The answer should be the exact lines from the line containing "peaceful serene tranquil" through the last line of the material below, with no pictures.

DATA PROVIDED:
★ ★ ★

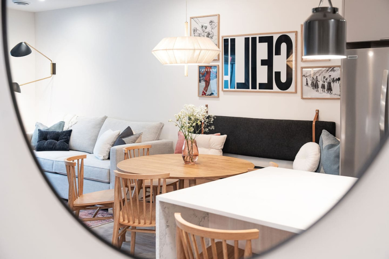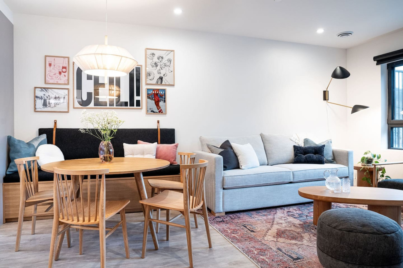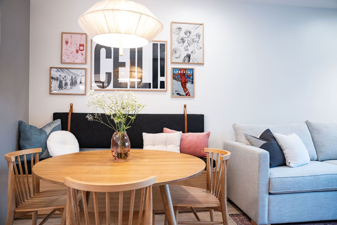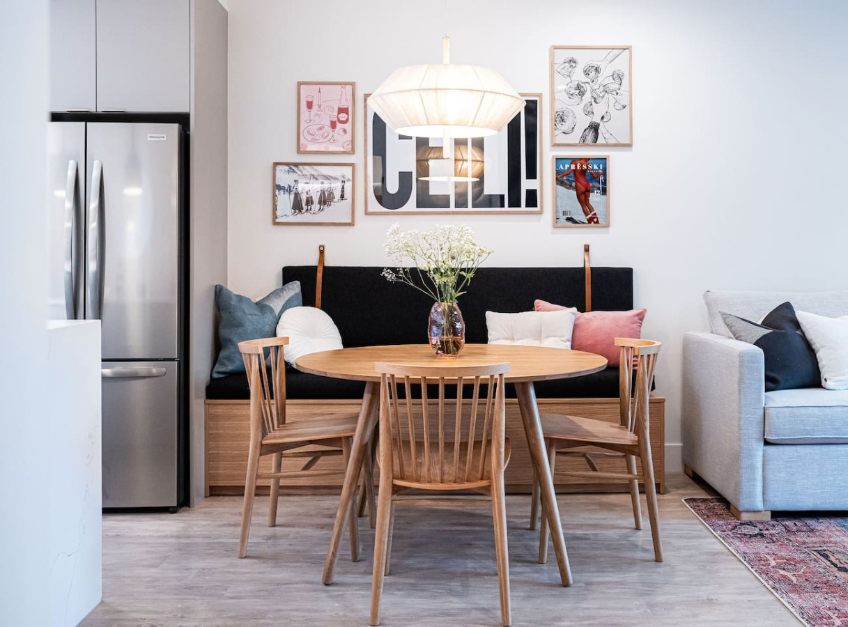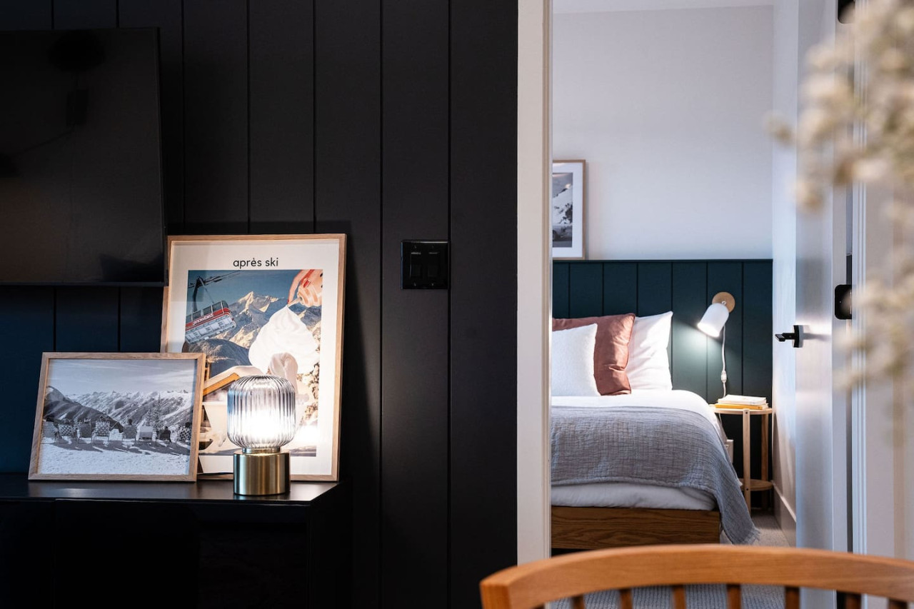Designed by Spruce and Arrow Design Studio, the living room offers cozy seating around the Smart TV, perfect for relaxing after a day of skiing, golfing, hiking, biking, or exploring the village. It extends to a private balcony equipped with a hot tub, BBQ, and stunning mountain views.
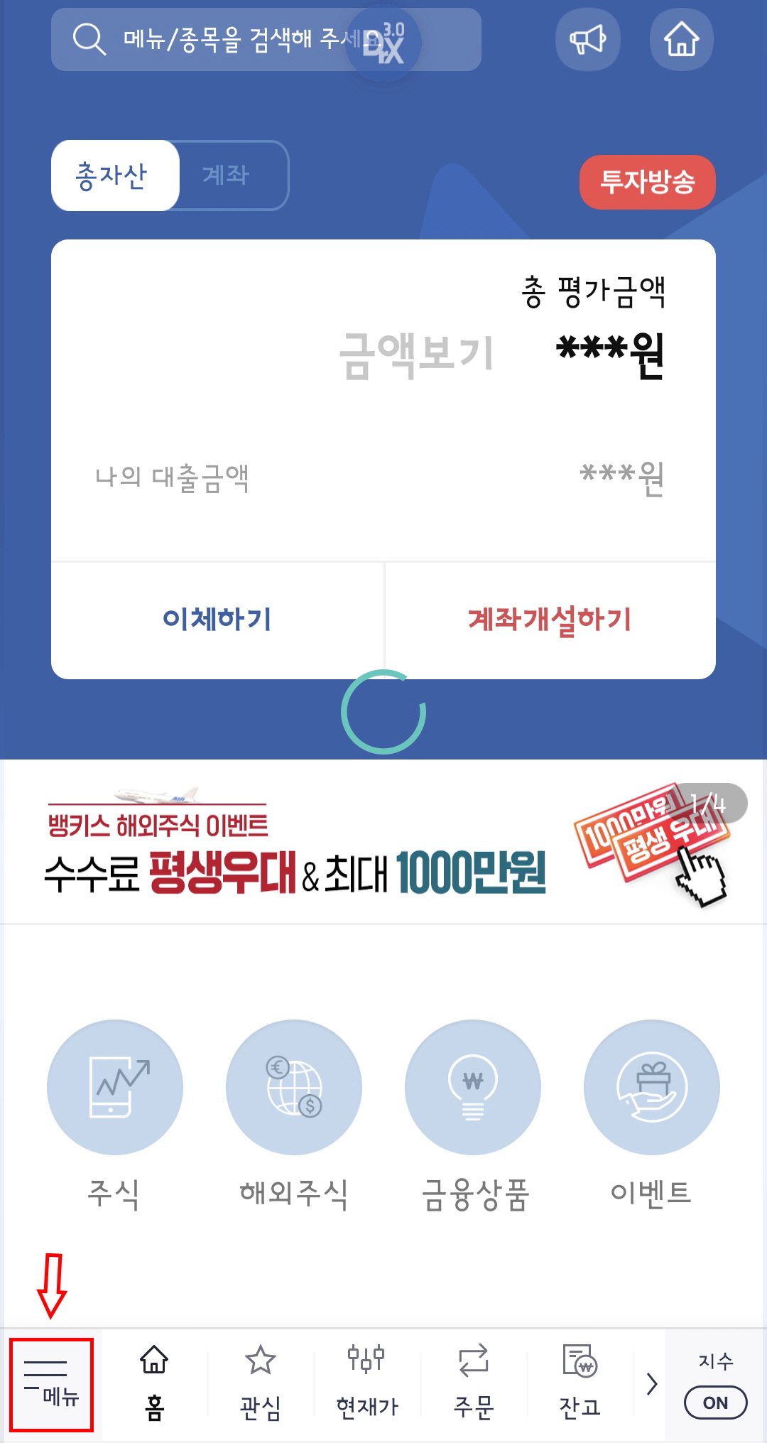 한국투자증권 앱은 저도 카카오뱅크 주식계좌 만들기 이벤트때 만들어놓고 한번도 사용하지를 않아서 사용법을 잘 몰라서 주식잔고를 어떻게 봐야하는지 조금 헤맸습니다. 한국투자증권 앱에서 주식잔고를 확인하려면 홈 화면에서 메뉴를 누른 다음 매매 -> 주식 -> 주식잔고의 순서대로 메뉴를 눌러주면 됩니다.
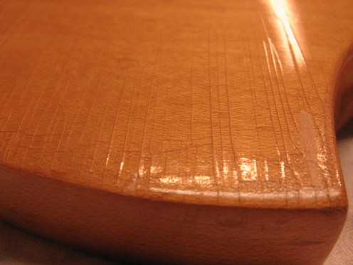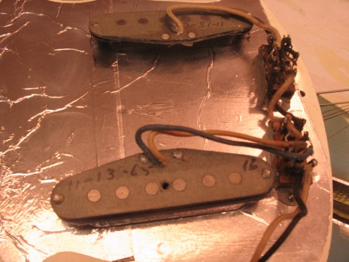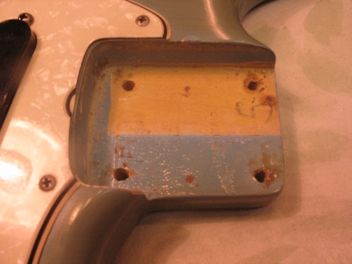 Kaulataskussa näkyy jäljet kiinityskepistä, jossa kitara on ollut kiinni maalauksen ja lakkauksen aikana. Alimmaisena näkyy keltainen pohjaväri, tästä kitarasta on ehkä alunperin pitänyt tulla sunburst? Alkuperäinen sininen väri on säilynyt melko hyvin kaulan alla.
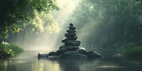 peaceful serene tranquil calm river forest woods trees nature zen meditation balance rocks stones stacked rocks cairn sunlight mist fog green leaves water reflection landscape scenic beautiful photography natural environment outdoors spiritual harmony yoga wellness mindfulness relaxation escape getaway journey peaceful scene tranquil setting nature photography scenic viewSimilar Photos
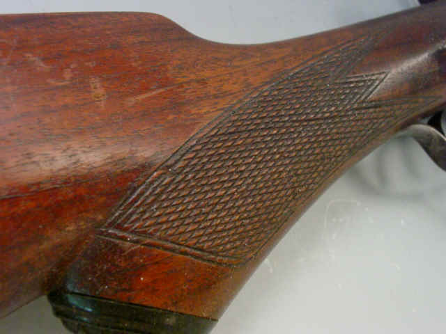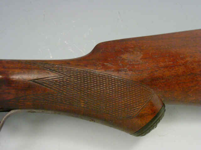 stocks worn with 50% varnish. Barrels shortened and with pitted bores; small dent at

★ ★ ★

EXERCISE RESULT:
 peaceful serene tranquil calm river forest woods trees nature zen meditation balance rocks stones stacked rocks cairn sunlight mist fog green leaves water reflection landscape scenic beautiful photography natural environment outdoors spiritual harmony yoga wellness mindfulness relaxation escape getaway journey peaceful scene tranquil setting nature photography scenic viewSimilar Photos
 stocks worn with 50% varnish. Barrels shortened and with pitted bores; small dent at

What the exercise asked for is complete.